The information about a particular benchmark computation is collected
into a record of the type ` COMPREPORT` which stores all input
parameters and results, i.e., error and verification status, timings,
output, etc., of the computation. Where applicable and requested,
records of the ` COMPRESULT` table are used to collect system
independent, verified, and ``trusted'' results of computations. These
` COMPRESULT` records may be extracted from one or more `
COMPREPORT`s and may be used for further verifications and
computations of invariants.

Running automated benchmark computations may quickly produce
voluminous amounts of output data^{}. Hence, we need
mechanisms which effectively maintain and evaluate this data:

First, note that this is a classical data base application. We are in the process of developing tools to translate benchmark data to SQL and to store them in a classical data base.
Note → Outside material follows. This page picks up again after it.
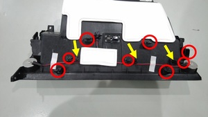 松开将手套箱固定到仪表板支架的卡子(8 个)和定位销(3 个),然后小心地将手套箱从内侧向外拉动。

However, even as data base application, the management of benchmark data is still rather challenging since benchmark data combines records, software, machines, algorithms, implementations, etc. into a high dimensional ``state space'' which needs to be analyzed.

Second, note that only tools to analyze benchmark data are not enough.
To effectively compare benchmark runs we need standardized
and widely accepted concepts and methods to statistically evaluate
this data under
various aspects. The ` EvalComputation` module provides a first
solution attempt. Since a detailed discussion of the involved aspects
would go beyond the scope (and frame) of this paper we refer to
`www.SymbolicData.org/doc/EvalComputations/` for a starting point
for further thoughts and discussions.